Com o tempo, esse tipo de voo especial vem se tornando rotina. O uso político usando aviões da FAB virou um privilégio silencioso. Além disso, a prática é cada vez menos contestada. Sem reação institucional, fica fácil transformar o que deveria ser exceção em comodidade para aliados do poder.
FAB não decide quem voa – apenas cumpre ordens superiores
Apesar de estar no centro da polêmica, a Força Aérea Brasileira não tem autonomia para autorizar ou recusar voos solicitados por autoridades civis. Na prática, os aviões ficam sob responsabilidade do Grupo de Transporte Especial (GTE), subordinado ao Comando da Aeronáutica, que apenas executa ordens administrativas e institucionais.

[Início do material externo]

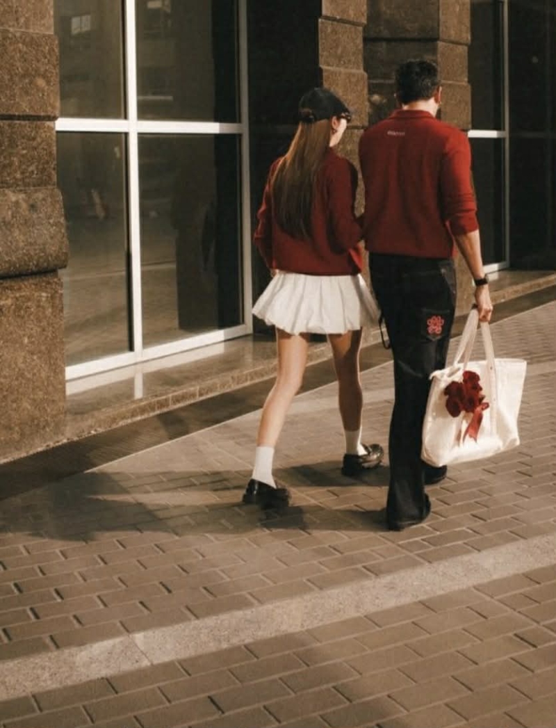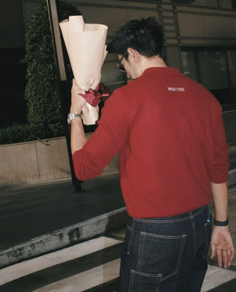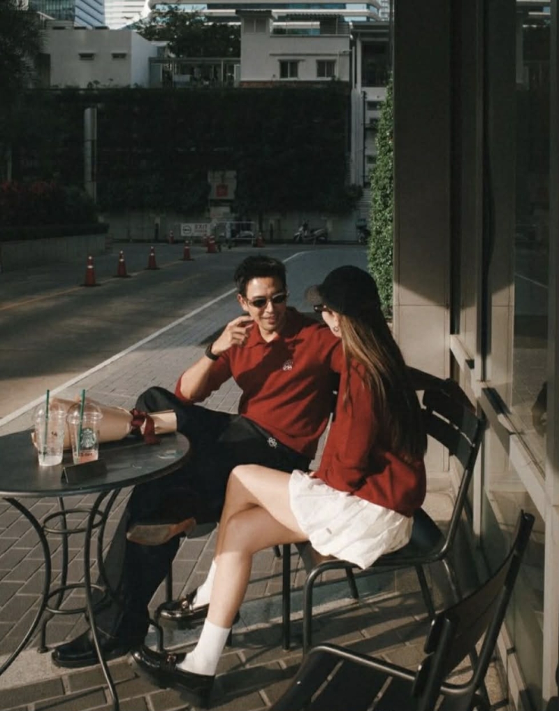 ในภาพทั้งคู่มาในลุคโทนสีแดง มีทั้งโมเมนต์ถือดอกกุหลาบ เดินเคียงข้าง และนั่งคุยกันแบบใกล้ชิด ทำเอาหลายคนตั้งคำถามว่า นี่คือการเปิดตัวความสัมพันธ์หรือไม่
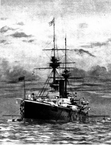 Текст: 1-я стр. Броненосец "Магнефишент" (С открытки того времени)

Ou seja, a FAB não é responsável por avaliar o mérito ou a legalidade dos pedidos recebidos. Cabe aos órgãos solicitantes, e principalmente ao Ministério da Defesa, decidir quem pode embarcar e em quais circunstâncias. Uma vez autorizada, a missão é cumprida conforme os protocolos militares, sem margem para contestação operacional.
Esse detalhe é importante para que o foco da crítica não recaia sobre a Força Aérea, mas sim sobre quem usa o poder de decisão para beneficiar aliados, driblando as regras com base em brechas da lei por interpretação a seu interesse.
Conclusão: se até o fiscal ignora os limites, quem resta para cumprir a regra?
O presidente do TCU, ao utilizar uma aeronave da FAB sem prerrogativa legal, escolheu o conforto acima da coerência institucional. Essa escolha não foi apenas simbólica. Ela reflete o esvaziamento ético de práticas que deveriam ser exemplares.
Enquanto o decreto presidencial tenta estabelecer limites, autoridades seguem testando as bordas da legalidade. E, infelizmente, quase sempre o fazem sem consequências.
Além disso, quando quem fiscaliza as contas públicas agem como beneficiário privilegiado, o cidadão comum perde confiança nas instituições. O recado, portanto, é claro: as regras existem apenas para quem não ocupa cargos de poder?
Se nada mudar, veremos o uso de aeronave da FAB por autoridades sem prerrogativa legal se consolidar como prática institucionalizada — e não como exceção.